> **Requirement**
Transcribe the entries below word for word, beginning at the line with "# main='US Murder" and stopping after the line with "An original bottle-shaped"; drop all pictures.

> **Material for this task**
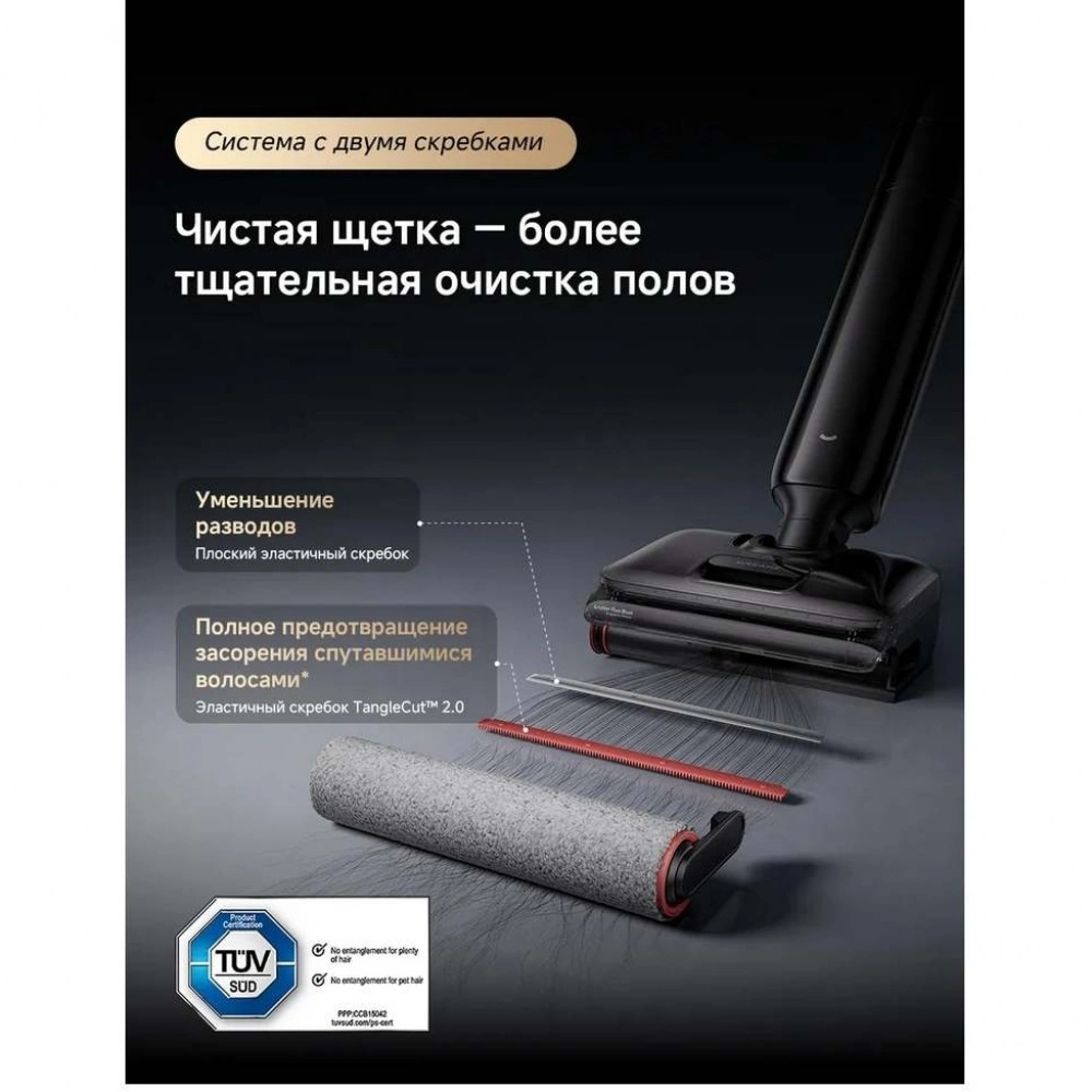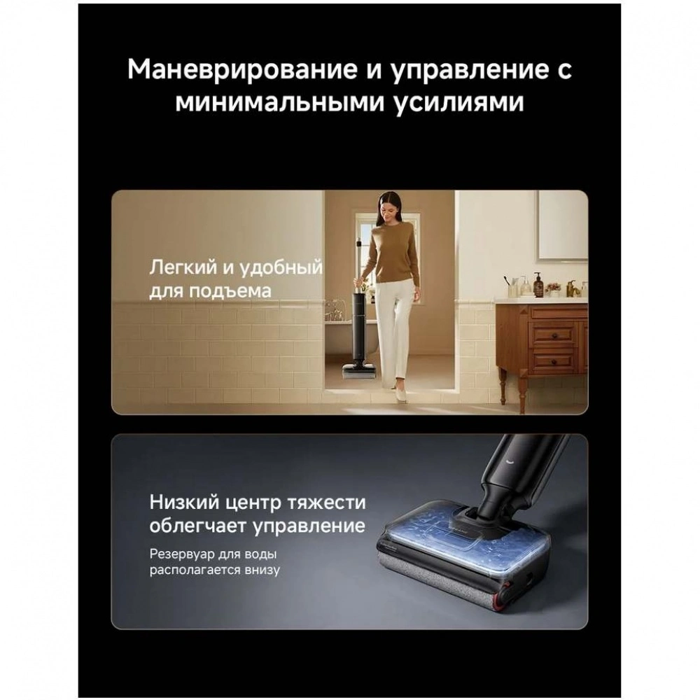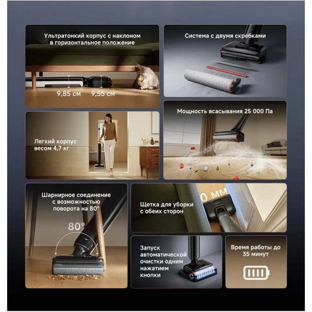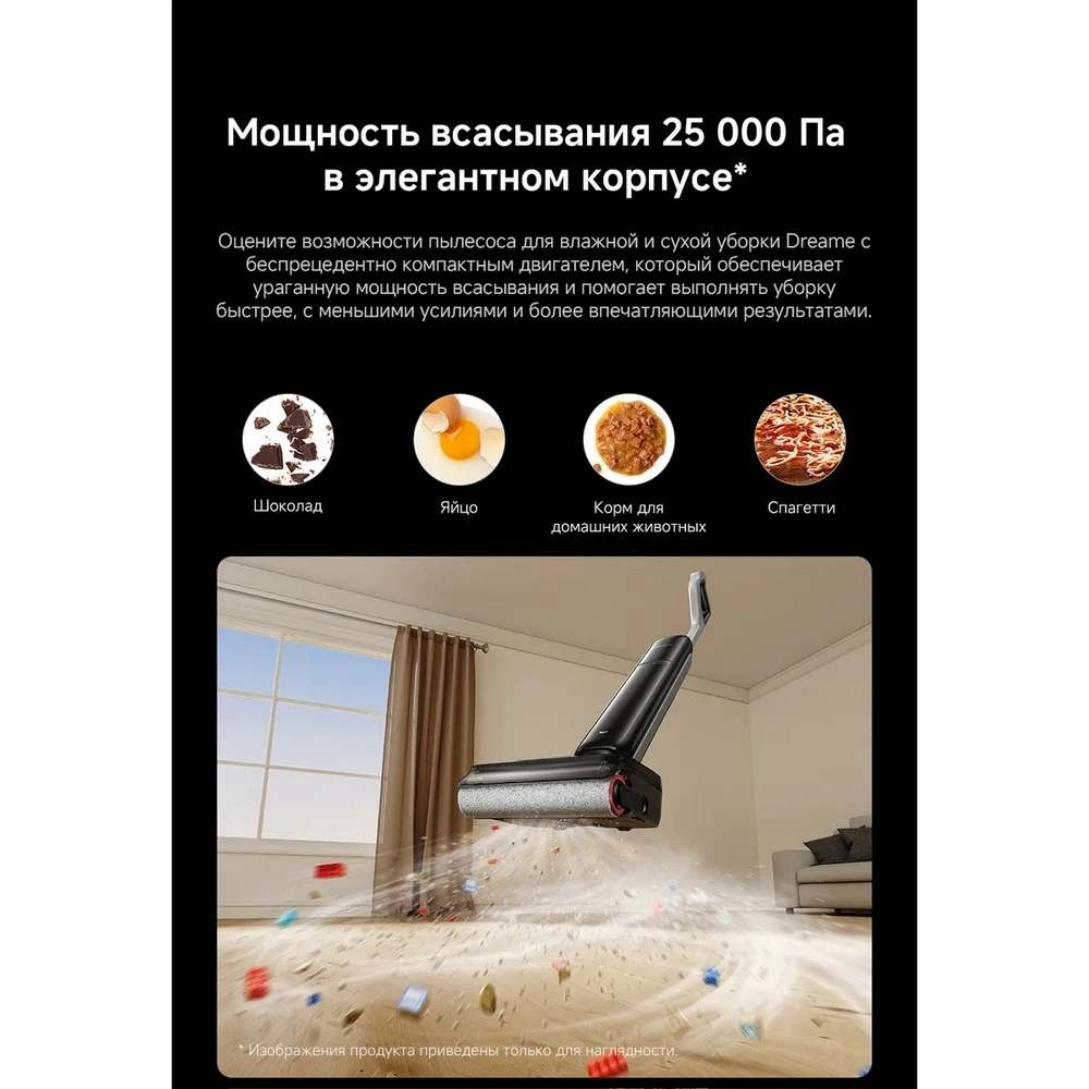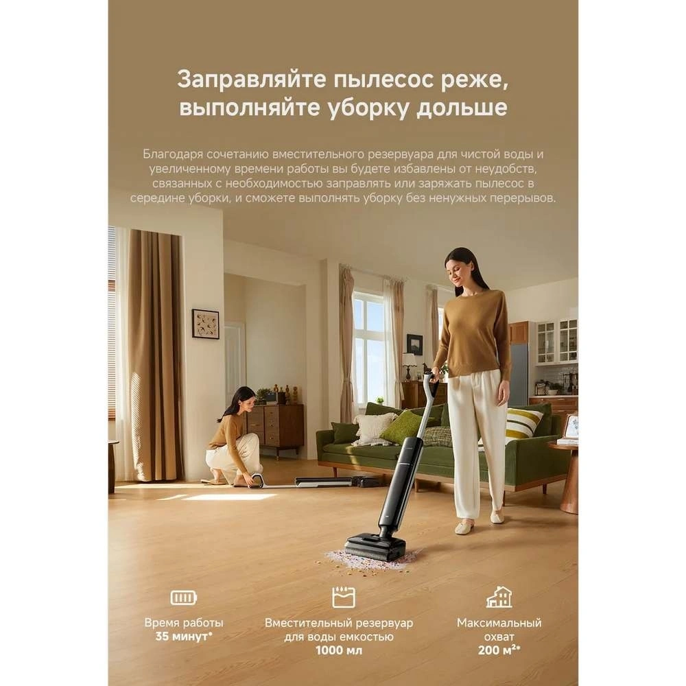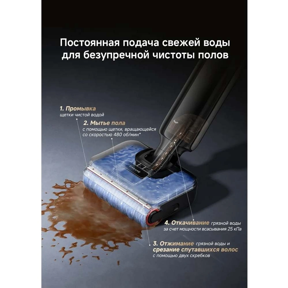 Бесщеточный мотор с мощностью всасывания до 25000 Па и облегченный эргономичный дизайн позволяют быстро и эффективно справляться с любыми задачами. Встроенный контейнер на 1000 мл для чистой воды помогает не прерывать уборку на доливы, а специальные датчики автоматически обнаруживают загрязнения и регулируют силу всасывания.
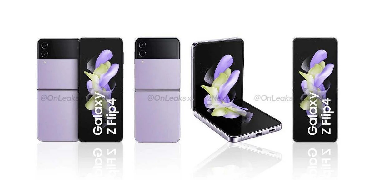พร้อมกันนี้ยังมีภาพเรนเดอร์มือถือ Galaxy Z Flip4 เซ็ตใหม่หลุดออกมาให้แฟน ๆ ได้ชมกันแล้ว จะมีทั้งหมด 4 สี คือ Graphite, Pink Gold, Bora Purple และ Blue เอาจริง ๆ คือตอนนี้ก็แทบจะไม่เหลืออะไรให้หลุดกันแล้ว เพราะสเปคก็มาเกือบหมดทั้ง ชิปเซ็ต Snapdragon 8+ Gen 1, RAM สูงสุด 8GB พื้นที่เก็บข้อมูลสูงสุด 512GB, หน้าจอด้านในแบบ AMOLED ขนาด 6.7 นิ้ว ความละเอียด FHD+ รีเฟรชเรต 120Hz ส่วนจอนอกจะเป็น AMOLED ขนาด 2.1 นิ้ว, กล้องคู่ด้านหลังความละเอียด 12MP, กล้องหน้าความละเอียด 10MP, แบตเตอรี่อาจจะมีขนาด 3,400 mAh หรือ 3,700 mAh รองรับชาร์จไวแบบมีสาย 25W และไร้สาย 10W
==
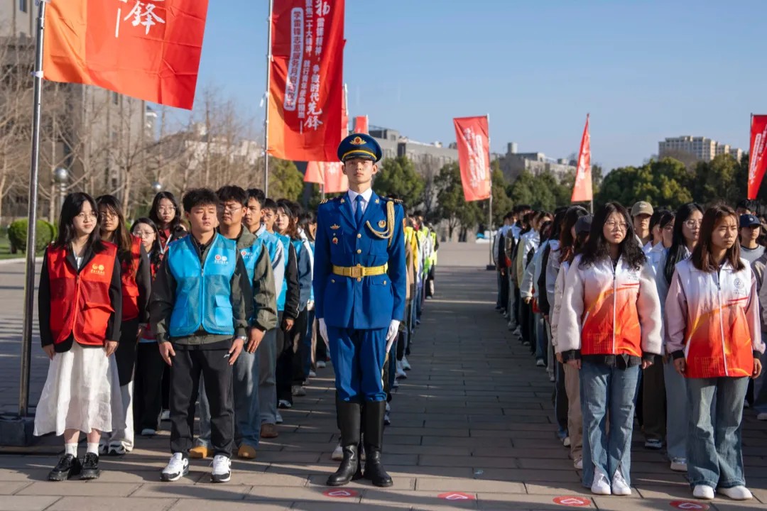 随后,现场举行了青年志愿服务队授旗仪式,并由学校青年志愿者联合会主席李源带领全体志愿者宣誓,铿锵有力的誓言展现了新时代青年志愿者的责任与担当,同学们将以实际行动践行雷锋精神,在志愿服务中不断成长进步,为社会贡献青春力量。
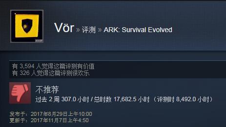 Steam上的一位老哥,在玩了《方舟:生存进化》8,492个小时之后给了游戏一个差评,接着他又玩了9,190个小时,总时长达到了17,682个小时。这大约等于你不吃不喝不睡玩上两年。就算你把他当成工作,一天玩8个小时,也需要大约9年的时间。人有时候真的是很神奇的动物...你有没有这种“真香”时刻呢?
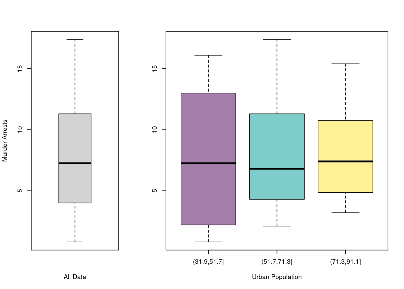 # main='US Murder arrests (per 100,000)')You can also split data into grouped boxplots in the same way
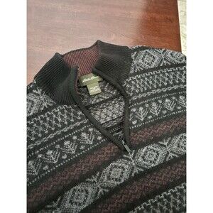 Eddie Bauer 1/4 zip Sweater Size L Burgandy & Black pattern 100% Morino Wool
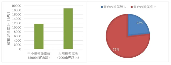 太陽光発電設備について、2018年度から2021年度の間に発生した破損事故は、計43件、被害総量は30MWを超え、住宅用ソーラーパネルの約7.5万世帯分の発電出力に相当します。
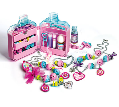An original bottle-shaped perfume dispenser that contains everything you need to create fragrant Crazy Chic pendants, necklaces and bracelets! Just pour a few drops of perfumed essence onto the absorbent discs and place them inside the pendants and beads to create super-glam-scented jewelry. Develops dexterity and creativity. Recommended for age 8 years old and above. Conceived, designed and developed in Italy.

> **Reply to the task**
 # main='US Murder arrests (per 100,000)')You can also split data into grouped boxplots in the same way
 Eddie Bauer 1/4 zip Sweater Size L Burgandy & Black pattern 100% Morino Wool
 太陽光発電設備について、2018年度から2021年度の間に発生した破損事故は、計43件、被害総量は30MWを超え、住宅用ソーラーパネルの約7.5万世帯分の発電出力に相当します。
An original bottle-shaped perfume dispenser that contains everything you need to create fragrant Crazy Chic pendants, necklaces and bracelets! Just pour a few drops of perfumed essence onto the absorbent discs and place them inside the pendants and beads to create super-glam-scented jewelry. Develops dexterity and creativity. Recommended for age 8 years old and above. Conceived, designed and developed in Italy.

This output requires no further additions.